With pictures excluded, retype exactly every line from the one containing "Детска акумулаторна кола" to the end of the records below.

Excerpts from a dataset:

————————

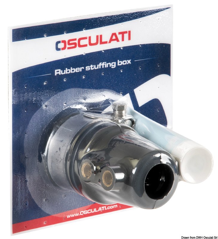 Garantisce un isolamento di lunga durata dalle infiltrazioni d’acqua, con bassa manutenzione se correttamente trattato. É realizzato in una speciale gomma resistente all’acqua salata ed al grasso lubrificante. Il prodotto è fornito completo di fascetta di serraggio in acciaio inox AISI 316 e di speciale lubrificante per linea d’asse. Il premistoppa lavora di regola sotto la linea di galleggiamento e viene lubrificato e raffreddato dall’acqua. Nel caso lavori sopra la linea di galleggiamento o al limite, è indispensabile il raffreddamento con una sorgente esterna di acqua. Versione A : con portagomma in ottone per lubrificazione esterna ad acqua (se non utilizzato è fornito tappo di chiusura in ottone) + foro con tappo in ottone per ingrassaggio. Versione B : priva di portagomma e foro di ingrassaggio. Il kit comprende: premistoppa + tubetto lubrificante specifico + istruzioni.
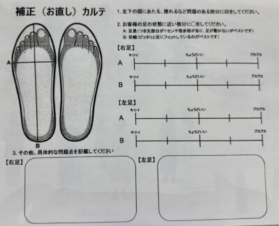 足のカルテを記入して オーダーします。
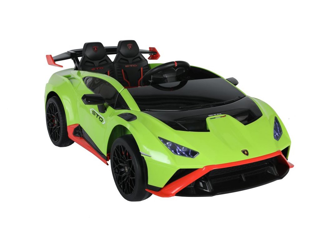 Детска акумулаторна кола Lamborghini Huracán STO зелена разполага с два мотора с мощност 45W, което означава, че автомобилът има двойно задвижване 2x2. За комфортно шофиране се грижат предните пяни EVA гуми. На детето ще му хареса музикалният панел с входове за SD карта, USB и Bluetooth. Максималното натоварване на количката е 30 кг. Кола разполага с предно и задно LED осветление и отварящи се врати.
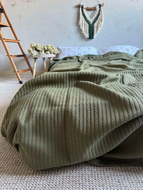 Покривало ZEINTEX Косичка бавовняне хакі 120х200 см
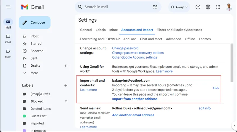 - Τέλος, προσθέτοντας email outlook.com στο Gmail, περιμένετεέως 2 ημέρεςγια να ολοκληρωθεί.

————————

— Response to the task —
 Детска акумулаторна кола Lamborghini Huracán STO зелена разполага с два мотора с мощност 45W, което означава, че автомобилът има двойно задвижване 2x2. За комфортно шофиране се грижат предните пяни EVA гуми. На детето ще му хареса музикалният панел с входове за SD карта, USB и Bluetooth. Максималното натоварване на количката е 30 кг. Кола разполага с предно и задно LED осветление и отварящи се врати.
 Покривало ZEINTEX Косичка бавовняне хакі 120х200 см
 - Τέλος, προσθέτοντας email outlook.com στο Gmail, περιμένετεέως 2 ημέρεςγια να ολοκληρωθεί.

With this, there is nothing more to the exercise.